28 апреля 1852 г. (Ланси). — Еще раз я чувствую, как весенняя истома охватывает меня, весенний воздух вокруг меня. Сегодня утром поэзия сцены, пение птиц, спокойный солнечный свет, ветерок, дующий над свежими зелеными полями, — все поднялось и наполнило мое сердце. Теперь все молчит. О тишина, ты ужасна! ужасна, как тот штиль океана, который позволяет глазу проникнуть в бездонные пропасти внизу. Ты показываешь нам в нас самих глубины, от которых кружится голова, неистребимые потребности, сокровища страдания. Добро пожаловать, бури! по крайней мере, они размывают и мутят поверхность этих вод своими ужасными тайнами. Добро пожаловать, порывы страсти, которые волнуют воды души и тем самым скрывают от нас ее бездонные пропасти! Во всех нас, детях пыли, сынах времени, вечность внушает невольную тоску, а бесконечное — таинственный ужас. Мы как будто входим в царство мертвых. Бедное сердце, твоя жажда — жизнь, любовь, иллюзии! И ты права в конце концов, ибо жизнь священна.

В эти моменты тет-а-тет с бесконечным, как по-другому выглядит жизнь! Как все, что обычно занимает и возбуждает нас, становится внезапно пустяковым, легкомысленным и тщетным. Мы кажемся себе просто марионетками, куклами, важно вышагивающими через фантастическое шоу и принимающими безделушки за вещи большой цены. В такие моменты как все преображается, как все меняется! Беркли и Фихте кажутся правыми, Эмерсон тоже; мир — лишь аллегория; идея более реальна, чем факт; сказки, легенды так же истинны, как естественная история, и даже более истинны, ибо они — эмблемы большей прозрачности. Единственная субстанция, собственно говоря, — это душа. Что все остальное? Просто тень, предлог, фигура, символ или сон. Только сознание бессмертно, позитивно, совершенно реально. Мир — лишь фейерверк, возвышенная фантасмагория, предназначенная радовать и формировать душу. Сознание — это вселенная, и его солнце — любовь...

Уже я возвращаюсь к объективной жизни мысли. Она избавляет меня от — скажу ли? нет, она лишает меня интимной жизни чувства. Размышление растворяет грезы и сжигает их нежные крылья. Вот почему наука не делает людей, а лишь сущности и абстракции. Ах, давайте чувствовать и жить и остерегаться слишком большого анализа! Давайте поставим спонтанность, наивность перед размышлением, опыт перед учебой; давайте сделаем саму жизнь нашим предметом изучения. Неужели у меня никогда не будет сердца женщины, на которое можно опереться? сына, в котором можно жить снова, маленького мира, где я могу видеть цветущим и расцветающим все, что подавлено во мне? Я съеживаюсь и отступаю, боясь разбить свой сон. Я поставил так много на эту карту, что не смею сыграть ее. Позвольте мне мечтать снова...
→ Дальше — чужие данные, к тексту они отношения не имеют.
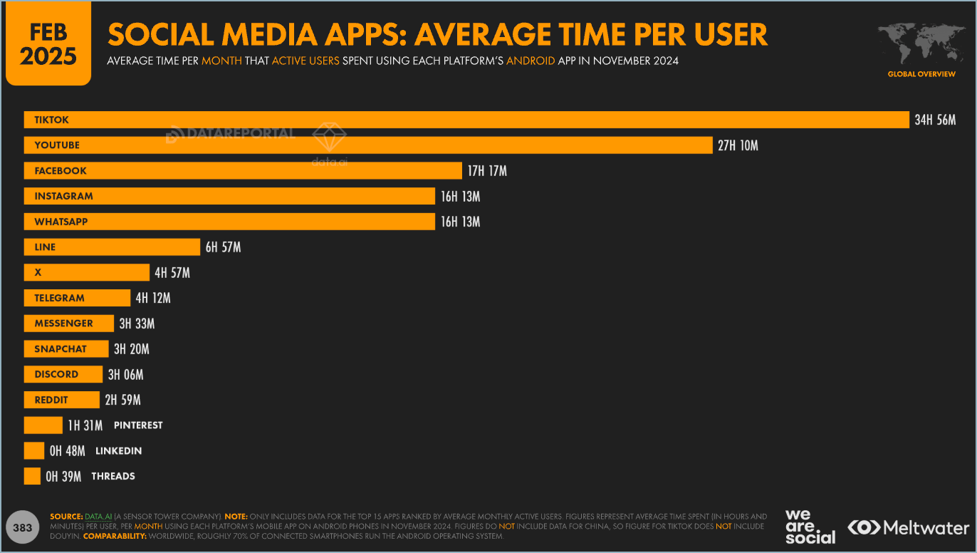 Mobile app usage gives another benchmark for the most popular social networks. Considering average time per user, YouTube and TikTok are most popular overall.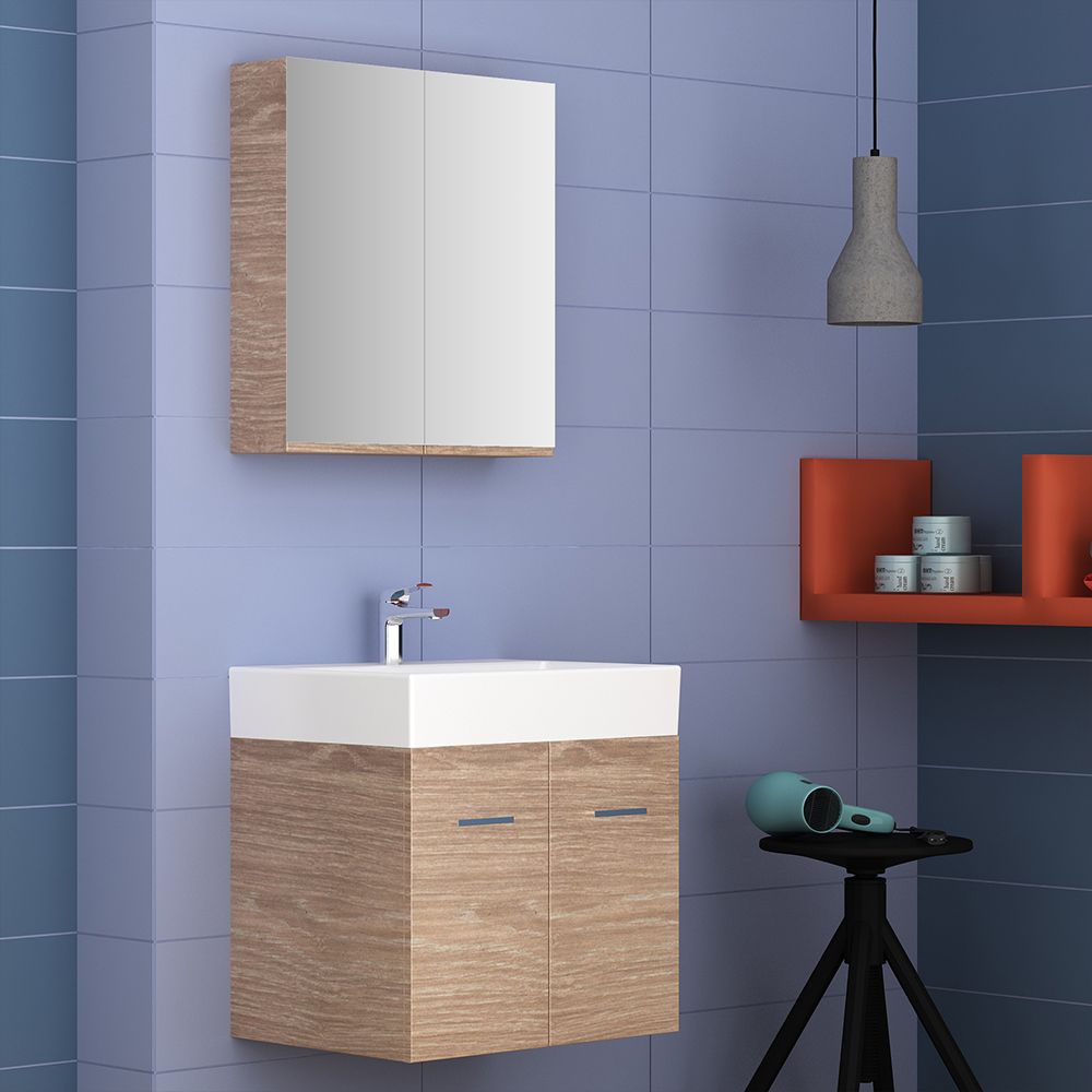 Orabella Amabile 60 - Κρεμαστό Έπιπλο Μπάνιου με πορσελάνινο νιπτήρα Tecla και καθρέπτη ντουλάπι F60162-70143-70104-60162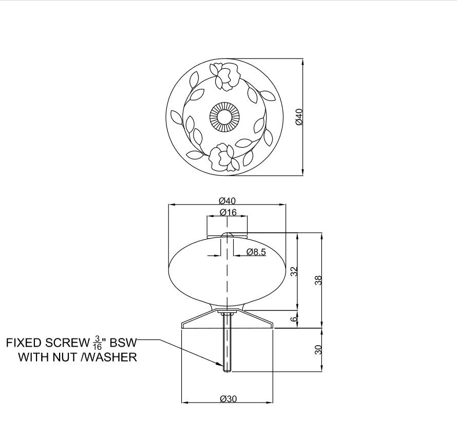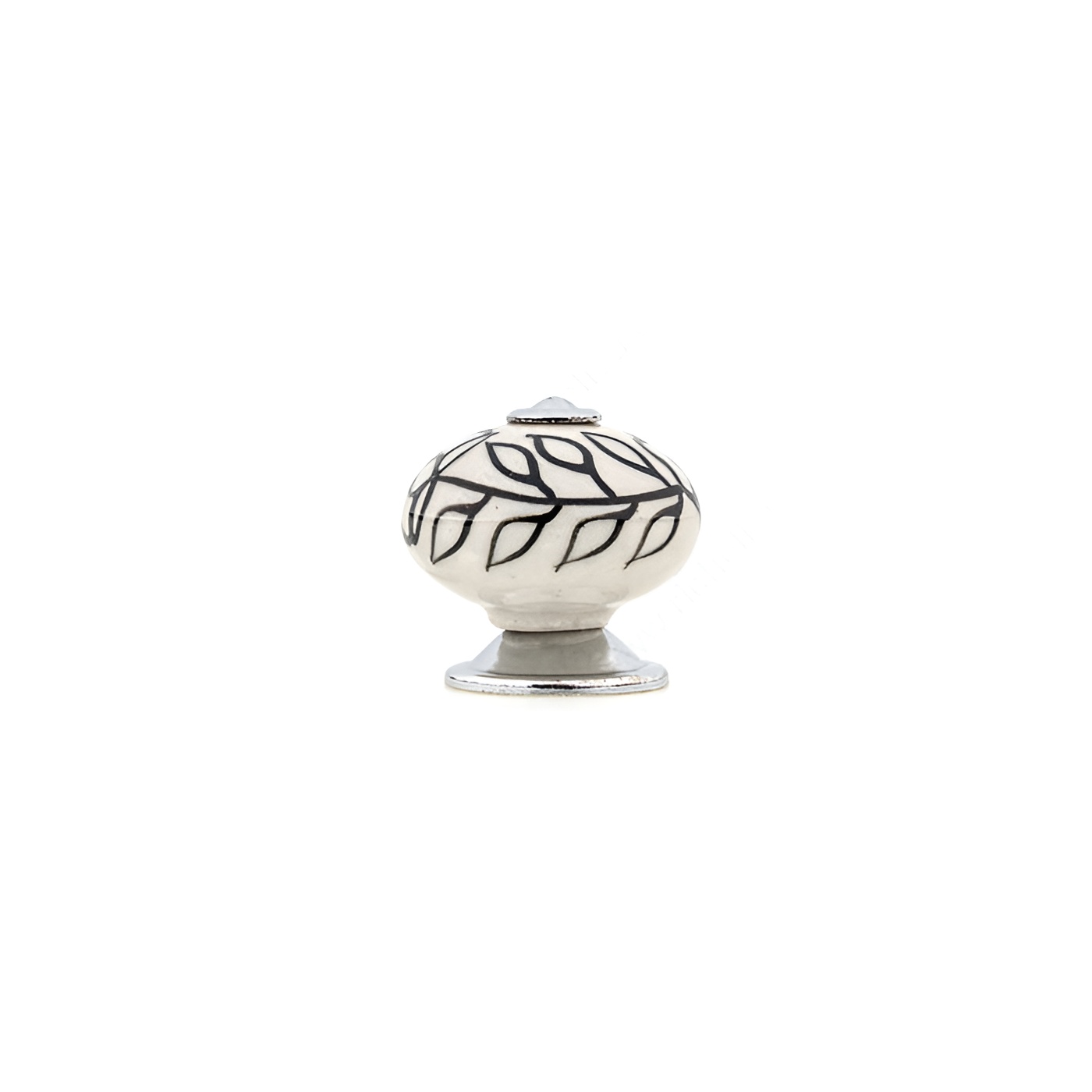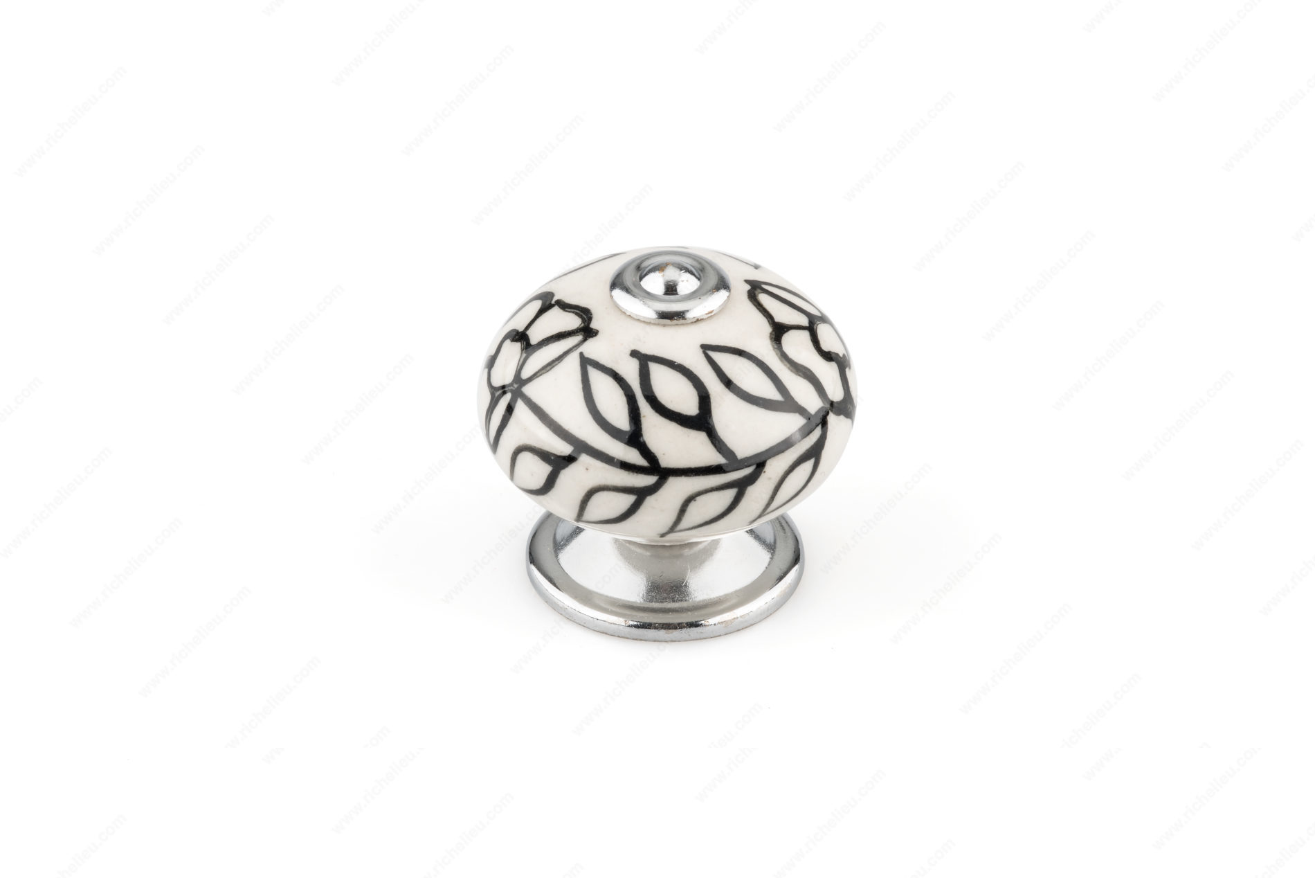Richelieu BP6347401404090 Eclectic Ceramic Knob - 6347 is a stylish addition to any cabinetry or furniture piece, merging elegance with functionality. This round knob features a smooth ceramic surface adorned with a distinctive black vine pattern, beautifully framed by a metallic back plate that enhances its sophisticated appearance. With an overall diameter of 1 9/16 inches and a projection of 1 1/2 inches, this knob is designed for ease of use while providing a comfortable grip. The base diameter measures 1 3/16 inches, ensuring a secure fit for various applications. Crafted from a combination of metal and ceramic, it offers durability and a modern aesthetic that fits seamlessly into eclectic or contemporary designs. Available in three stunning finishes-Almond, Chrome, and Black-this knob allows you to customize your space according to your style. Part of Richelieu’s New Collection, it is designed for versatility and can ship via UPS for your convenience. The knob comes with a 3-cm bolt for easy installation, making it an ideal choice for building professionals and discerning homeowners alike. Elevate your interior with Richelieu’s Eclectic Ceramic Knob, where craftsmanship meets style.

Не делайте насилия над собой, уважайте в себе колебания чувств. Они — ваша жизнь и ваша природа; Тот, кто мудрее вас, предписал их. Не предавайтесь полностью ни инстинкту, ни воле. Инстинкт — сирена, воля — деспот. Не будьте ни рабом своих импульсов и ощущений момента, ни абстрактного и общего плана; будьте открыты тому, что приносит жизнь изнутри и снаружи, и приветствуйте непредвиденное; но придайте своей жизни единство и введите непредвиденное в рамки вашего плана. Пусть то, что естественно в вас, поднимется до уровня духовного, и пусть духовное станет снова естественным. Так ваше развитие будет гармоничным, и мир небес будет сиять на вашем челе; всегда при условии, что ваш мир заключен и что вы взошли на свою Голгофу.

После полудня — Буду ли я когда-нибудь снова наслаждаться теми чудесными грезами прошлых дней, как, например, однажды, когда я был еще совсем юношей, на рассвете, сидя среди руин замка Фосиньи; в другой раз в горах над Лаве, под полуденным солнцем, лежа под деревом и посещенный тремя бабочками; и еще одна ночь на песчаном берегу Северного моря, растянувшись во весь рост на пляже, мои глаза блуждали по Млечному Пути? Вернутся ли они ко мне когда-нибудь, те грандиозные, бессмертные, космогонические сны, в которых кажется, что несешь мир в своей груди, касаешься звезд, обладаешь бесконечным? Божественные моменты, часы экстаза, когда мысль летит из мира в мир, проникает в великую загадку, дышит дыханием широким, спокойным и глубоким, как дыхание океана, и парит безмятежно и бескрайне, как синее небо! Визиты музы Урании, которая чертит вокруг лбов тех, кого она любит, фосфоресцирующий нимб созерцательной силы и которая вливает в их сердца спокойное опьянение, если не авторитет гения, моменты непреодолимой интуиции, в которых человек чувствует себя великим, как вселенная, и спокойным, как бог! От небесных сфер до ракушки или мха, все творение тогда подчинено нашему взору, живет в нашей груди и совершает в нас свою вечную работу с регулярностью судьбы и страстным пылом любви. Какие часы, какие воспоминания! Следов, которые остаются у нас от них, достаточно, чтобы наполнить нас уважением и энтузиазмом, как будто это были визиты Святого Духа. А потом, упасть снова с этих высот с их бескрайними горизонтами в грязные колеи тривиальности! какое падение! Бедный Моисей! Ты тоже видел, как волнуются вдали восхитительные холмы обетованной земли, и все же твоей судьбой было положить свои усталые кости в могилу, вырытую в пустыне! У кого из нас нет своей обетованной земли, своего дня экстаза и своей смерти в изгнании? Какая бледная подделка реальная жизнь той жизни, которую мы видим в проблесках, и как эти пылающие молнии нашей пророческой юности делают сумерки нашего тусклого монотонного мужества более темными и мрачными!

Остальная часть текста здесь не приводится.